[INSTRUCTIONS FOR THE TASK]
Nothing except the pictures should be left out when you reproduce the listing exactly.

[STORED DATA]

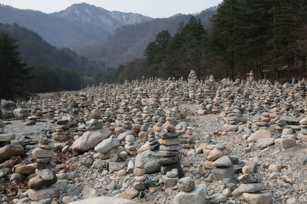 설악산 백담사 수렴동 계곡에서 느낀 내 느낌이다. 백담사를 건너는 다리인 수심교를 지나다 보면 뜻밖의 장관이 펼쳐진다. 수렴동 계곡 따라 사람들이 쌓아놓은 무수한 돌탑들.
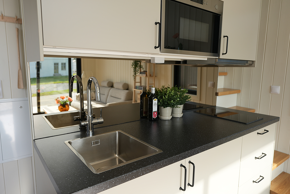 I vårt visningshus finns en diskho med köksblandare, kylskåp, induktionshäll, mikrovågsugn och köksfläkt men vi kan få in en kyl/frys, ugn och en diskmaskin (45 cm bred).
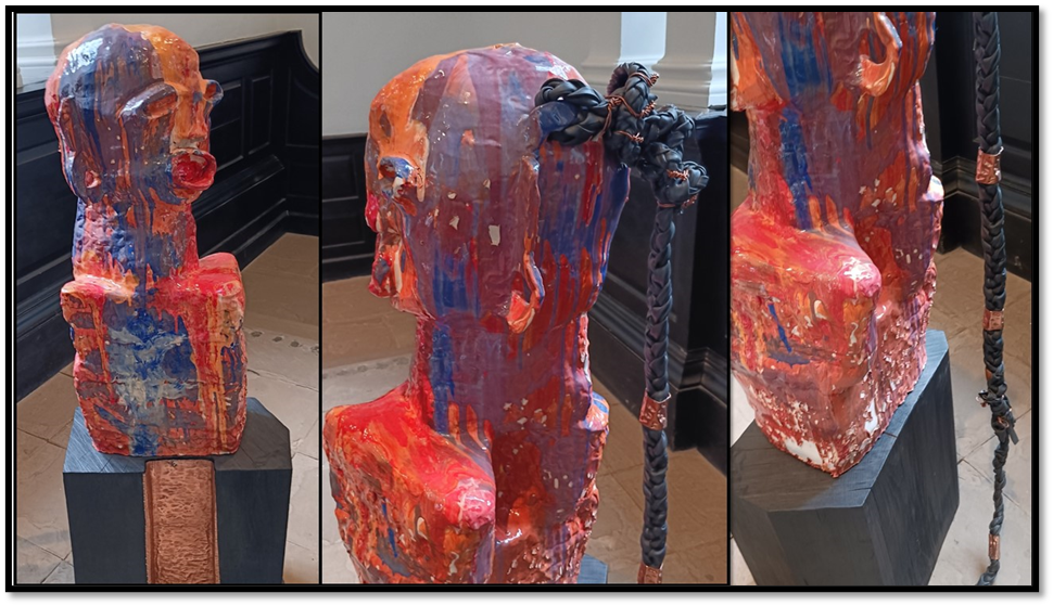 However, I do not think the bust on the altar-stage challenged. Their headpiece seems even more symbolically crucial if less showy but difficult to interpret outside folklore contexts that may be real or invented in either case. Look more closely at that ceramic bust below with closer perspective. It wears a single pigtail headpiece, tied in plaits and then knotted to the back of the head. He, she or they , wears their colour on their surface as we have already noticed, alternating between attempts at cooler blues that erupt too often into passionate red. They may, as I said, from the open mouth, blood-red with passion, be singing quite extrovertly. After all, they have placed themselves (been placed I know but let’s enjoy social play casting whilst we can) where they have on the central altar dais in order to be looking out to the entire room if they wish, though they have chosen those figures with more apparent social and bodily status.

[REPLY]
 설악산 백담사 수렴동 계곡에서 느낀 내 느낌이다. 백담사를 건너는 다리인 수심교를 지나다 보면 뜻밖의 장관이 펼쳐진다. 수렴동 계곡 따라 사람들이 쌓아놓은 무수한 돌탑들.
 I vårt visningshus finns en diskho med köksblandare, kylskåp, induktionshäll, mikrovågsugn och köksfläkt men vi kan få in en kyl/frys, ugn och en diskmaskin (45 cm bred).
 However, I do not think the bust on the altar-stage challenged. Their headpiece seems even more symbolically crucial if less showy but difficult to interpret outside folklore contexts that may be real or invented in either case. Look more closely at that ceramic bust below with closer perspective. It wears a single pigtail headpiece, tied in plaits and then knotted to the back of the head. He, she or they , wears their colour on their surface as we have already noticed, alternating between attempts at cooler blues that erupt too often into passionate red. They may, as I said, from the open mouth, blood-red with passion, be singing quite extrovertly. After all, they have placed themselves (been placed I know but let’s enjoy social play casting whilst we can) where they have on the central altar dais in order to be looking out to the entire room if they wish, though they have chosen those figures with more apparent social and bodily status.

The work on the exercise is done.